• [Work instruction]
Please repeat every record below exactly as written, but leave out the pictures.

»»

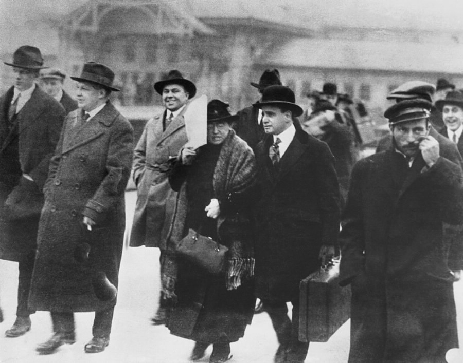 Federal officials like Attorney General Mitchell Palmer and the young head of the DOJ’s General Intelligence Division, J. Edgar Hoover, were eager to oblige. The notorious Palmer Raids that Hoover spearheaded in the winter of 1919–20 — intentionally launched on the second anniversary of the Bolshevik Revolution — rounded up ten thousand alleged alien radicals for deportation, though most of the dangerous “radicals” were no such thing and had simply been in the wrong place at the wrong time.
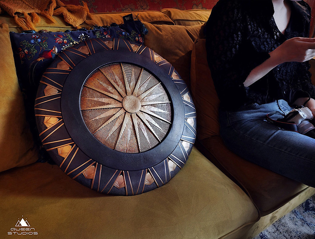 作品包含盾牌與專用底座,整體高度約 58 公分,精緻的細節展現出低調又古典的質感,以閃閃發光的金色與黑色磨砂交錯的獨特造型呈現。內側採用人造皮革的飾帶,可以像亞馬遜英雄一樣佩戴。
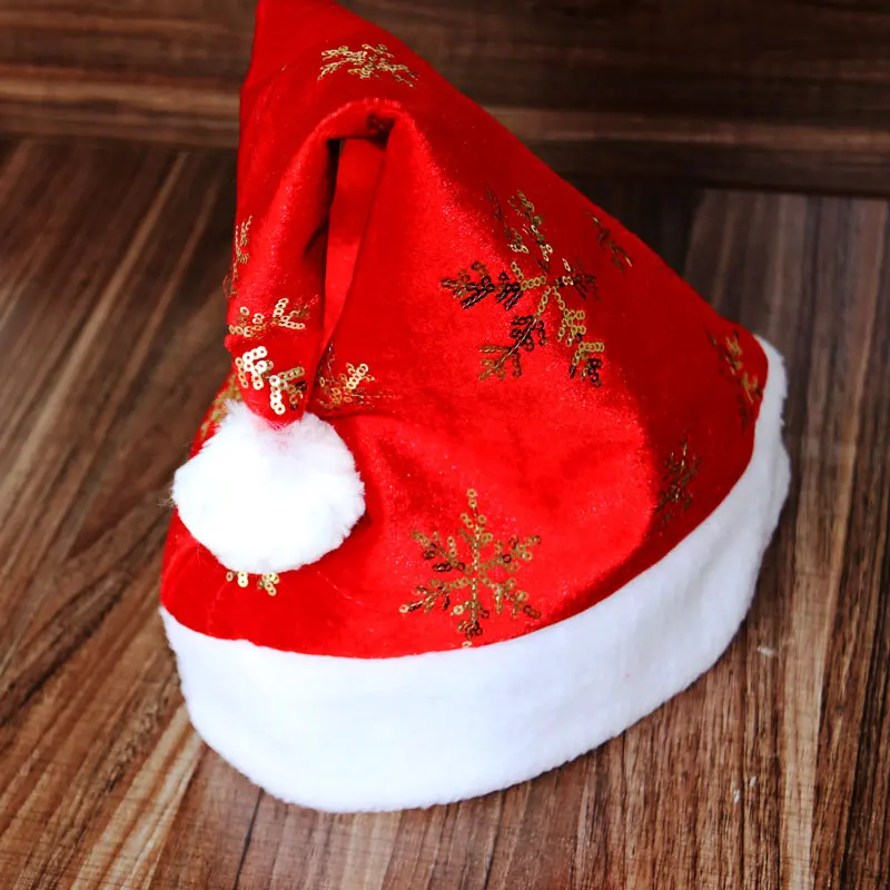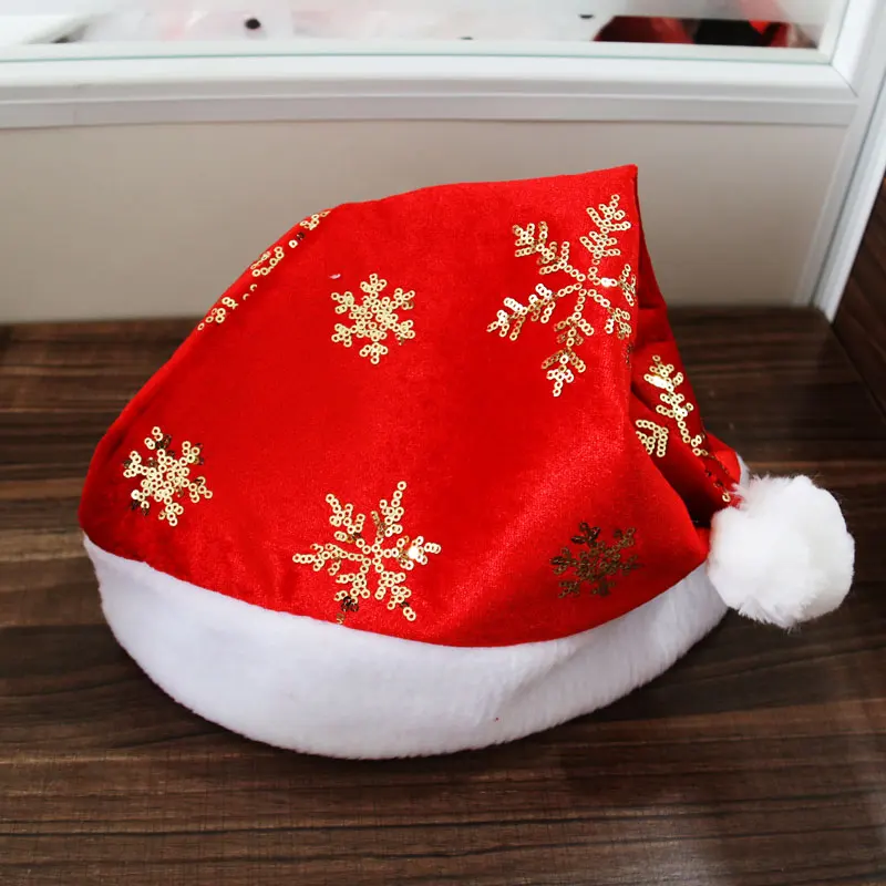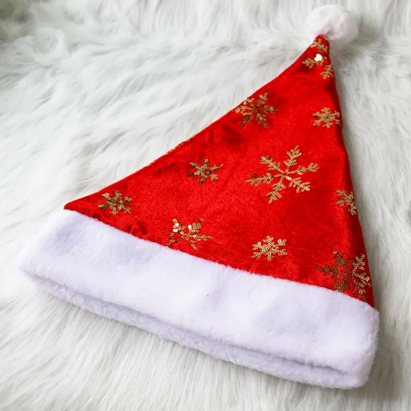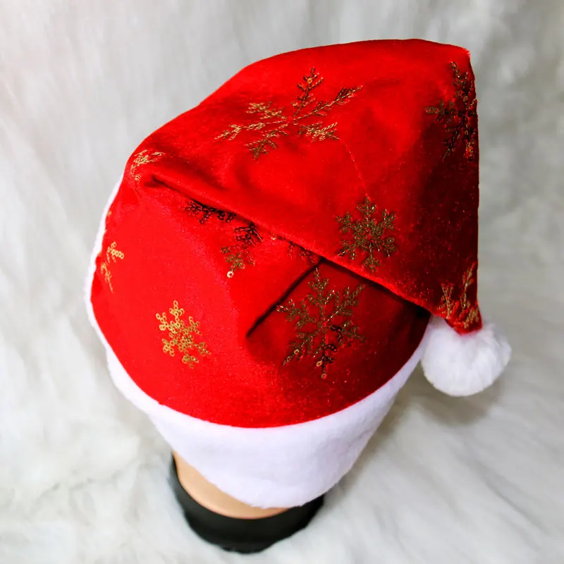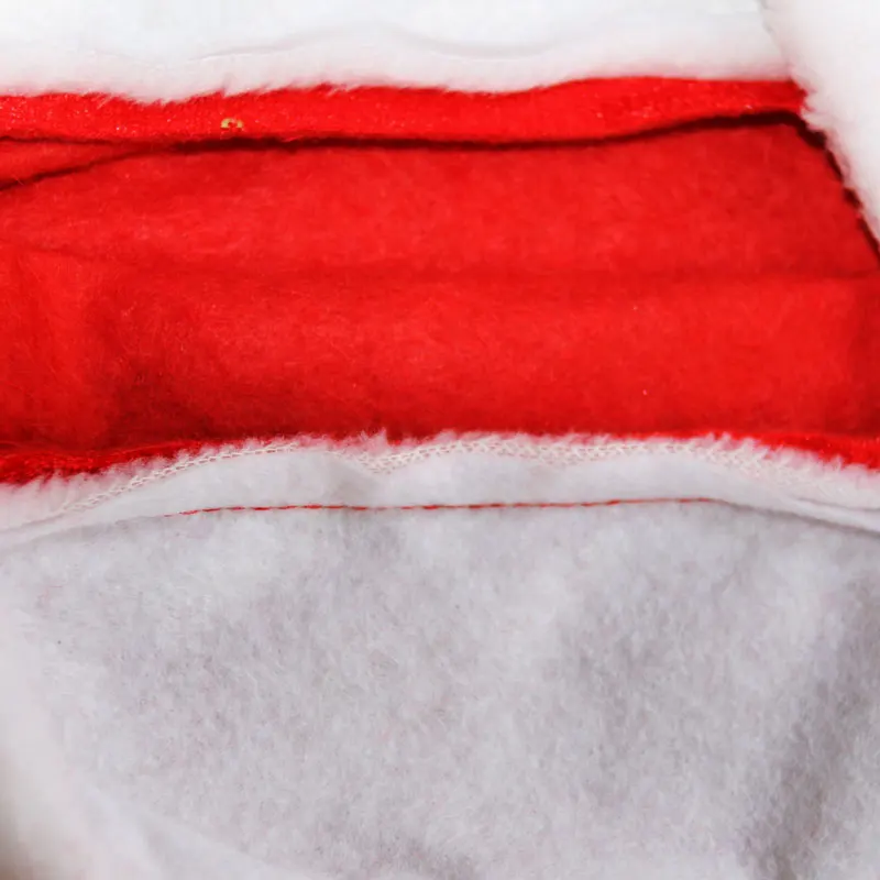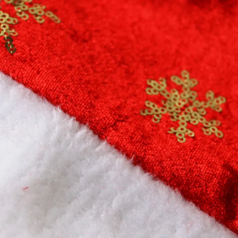 Material: Red Flannelette with sequins snowflakes and compounded red felt inside; short white plush fabric for band
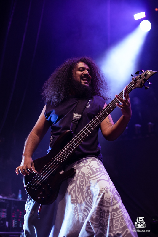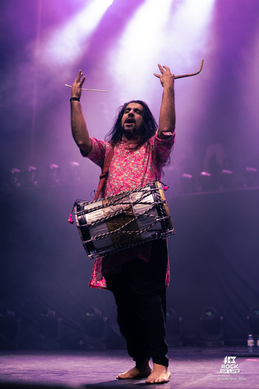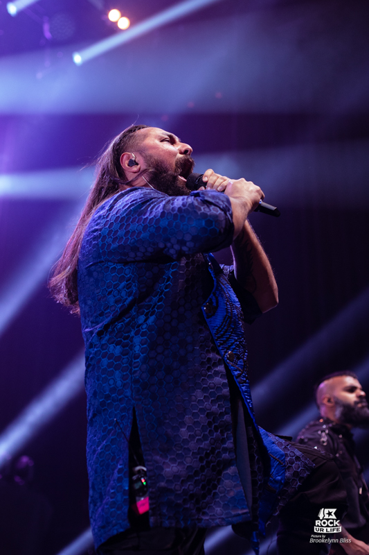 Pour ouvrir le bal ce soir, place à des invités de marque : BLOODYWOOD. Après avoir parcouru près de 7 000 km, les Indiens débarquent à Paris avec leur nu metal infusé de mélodies traditionnelles, une signature sonore aussi fraîche qu’efficace. La preuve : ils n’ont besoin que d’un seul morceau pour déclencher un wall of death et installer un chaos parfaitement maîtrisé. Entre énergie brute et appels constants à la bienveillance dans le pit, le groupe transforme l’Olympia en un bloc compact vibrant d’intensité. À en juger par le nombre de T-shirts à leur effigie dans la fosse, on ne serait pas surpris de les voir revenir rapidement en headliners. Mission accomplie pour Bloodywood : le public parisien est conquis.
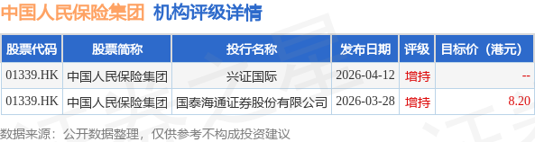 投行对该股的评级以增持为主,近90天内共有2家投行给出增持评级,近90天的目标均价为8.2港元。兴证国际最新一份研报给予中国人民保险集团增持评级。
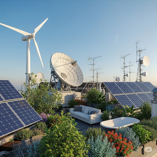 On the roof you also eventualy find some antenas for the internet, a wifi repetitor anterna, (to share / rent internet to your neighboors), why not a diy TV antena, eventually a VHF and long range radio antena as well, to be sure to always be somehow connected to the world…
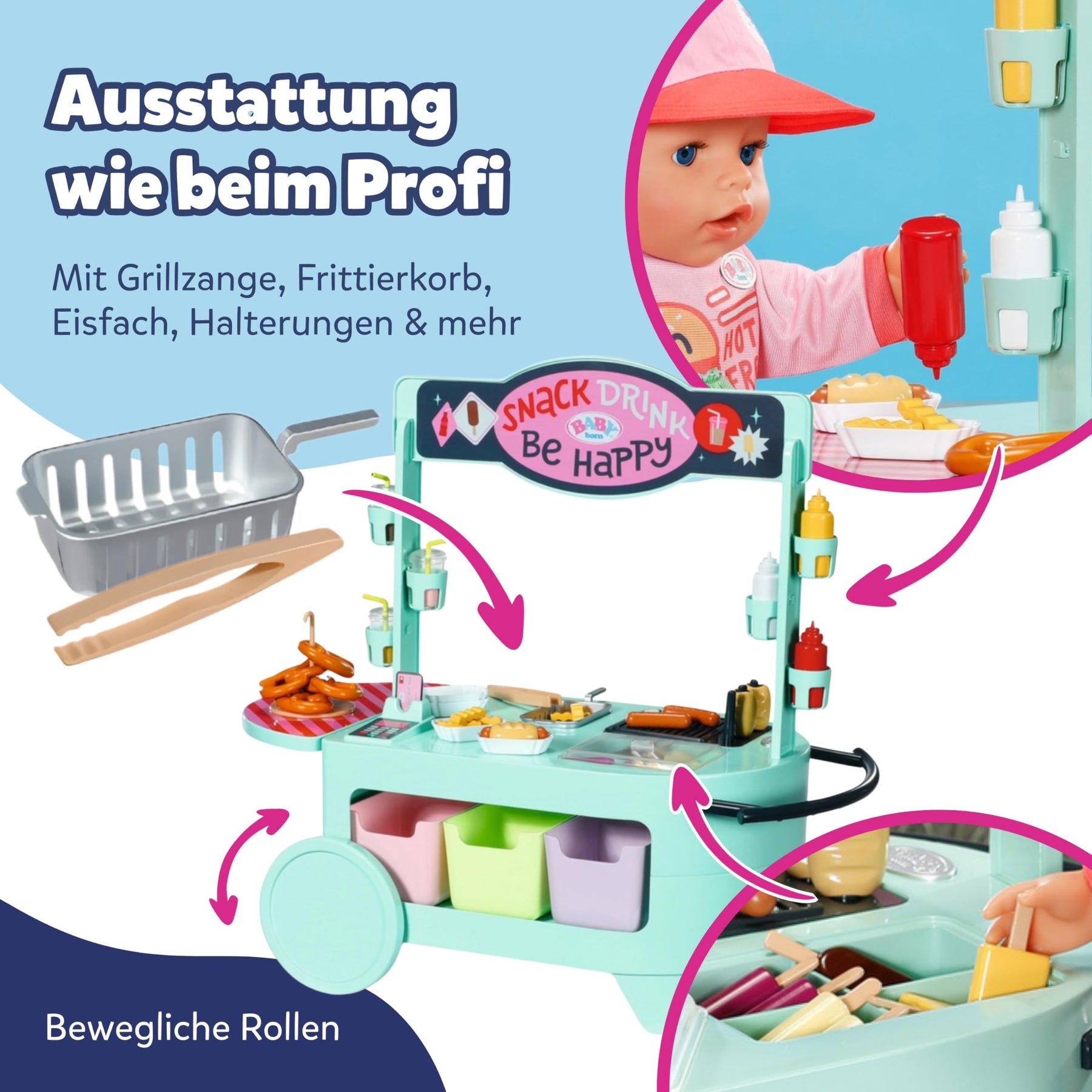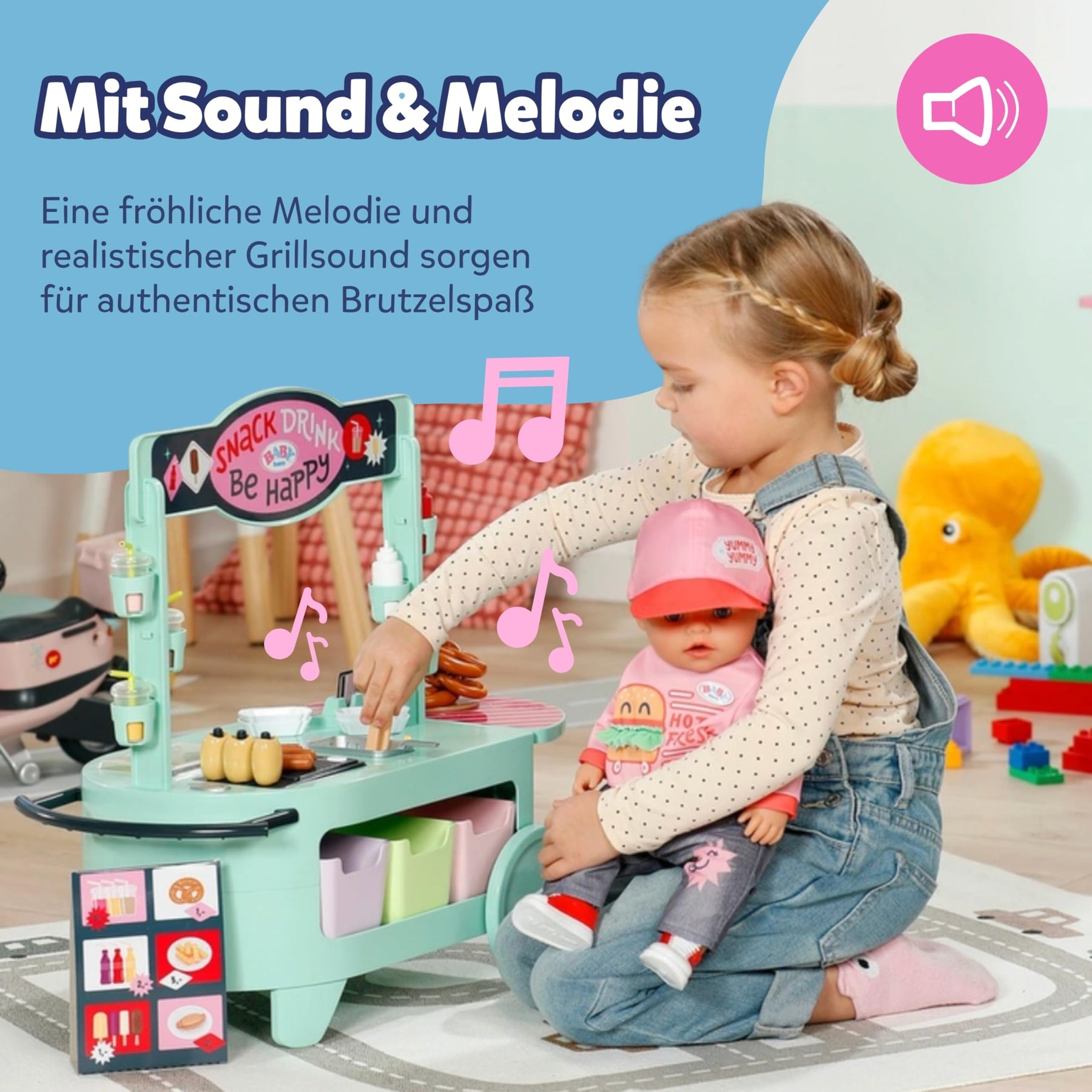 - MIT SOUND & MELODIE - Der BABY born Snack Shop spielt eine fröhliche Melodie & einen spannenden Grillsound zum authentischen Würstchen-Brutzeln.
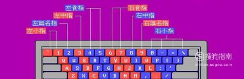 击键方法练习熟练后,我们接下来练习全键盘打字,首先要明确每个手指负责的键位,键盘左半部份由左手负责, 右半部份由右手负责。
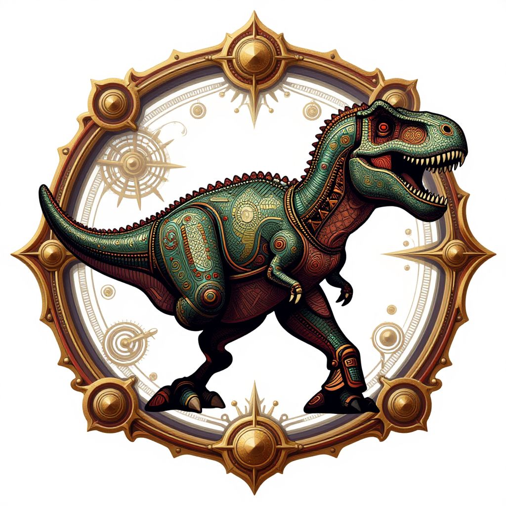 Overhead Steampunk style icon design featuring a t-rex, intricate details, vibrant colors, elegant aesthetic, inspiring, awe-inspiring, detailed, intricate, white background,

««

• [Task response]
 Federal officials like Attorney General Mitchell Palmer and the young head of the DOJ’s General Intelligence Division, J. Edgar Hoover, were eager to oblige. The notorious Palmer Raids that Hoover spearheaded in the winter of 1919–20 — intentionally launched on the second anniversary of the Bolshevik Revolution — rounded up ten thousand alleged alien radicals for deportation, though most of the dangerous “radicals” were no such thing and had simply been in the wrong place at the wrong time.
 作品包含盾牌與專用底座,整體高度約 58 公分,精緻的細節展現出低調又古典的質感,以閃閃發光的金色與黑色磨砂交錯的獨特造型呈現。內側採用人造皮革的飾帶,可以像亞馬遜英雄一樣佩戴。
 Material: Red Flannelette with sequins snowflakes and compounded red felt inside; short white plush fabric for band
 Pour ouvrir le bal ce soir, place à des invités de marque : BLOODYWOOD. Après avoir parcouru près de 7 000 km, les Indiens débarquent à Paris avec leur nu metal infusé de mélodies traditionnelles, une signature sonore aussi fraîche qu’efficace. La preuve : ils n’ont besoin que d’un seul morceau pour déclencher un wall of death et installer un chaos parfaitement maîtrisé. Entre énergie brute et appels constants à la bienveillance dans le pit, le groupe transforme l’Olympia en un bloc compact vibrant d’intensité. À en juger par le nombre de T-shirts à leur effigie dans la fosse, on ne serait pas surpris de les voir revenir rapidement en headliners. Mission accomplie pour Bloodywood : le public parisien est conquis.
 投行对该股的评级以增持为主,近90天内共有2家投行给出增持评级,近90天的目标均价为8.2港元。兴证国际最新一份研报给予中国人民保险集团增持评级。
 On the roof you also eventualy find some antenas for the internet, a wifi repetitor anterna, (to share / rent internet to your neighboors), why not a diy TV antena, eventually a VHF and long range radio antena as well, to be sure to always be somehow connected to the world…
 - MIT SOUND & MELODIE - Der BABY born Snack Shop spielt eine fröhliche Melodie & einen spannenden Grillsound zum authentischen Würstchen-Brutzeln.
 击键方法练习熟练后,我们接下来练习全键盘打字,首先要明确每个手指负责的键位,键盘左半部份由左手负责, 右半部份由右手负责。
 Overhead Steampunk style icon design featuring a t-rex, intricate details, vibrant colors, elegant aesthetic, inspiring, awe-inspiring, detailed, intricate, white background,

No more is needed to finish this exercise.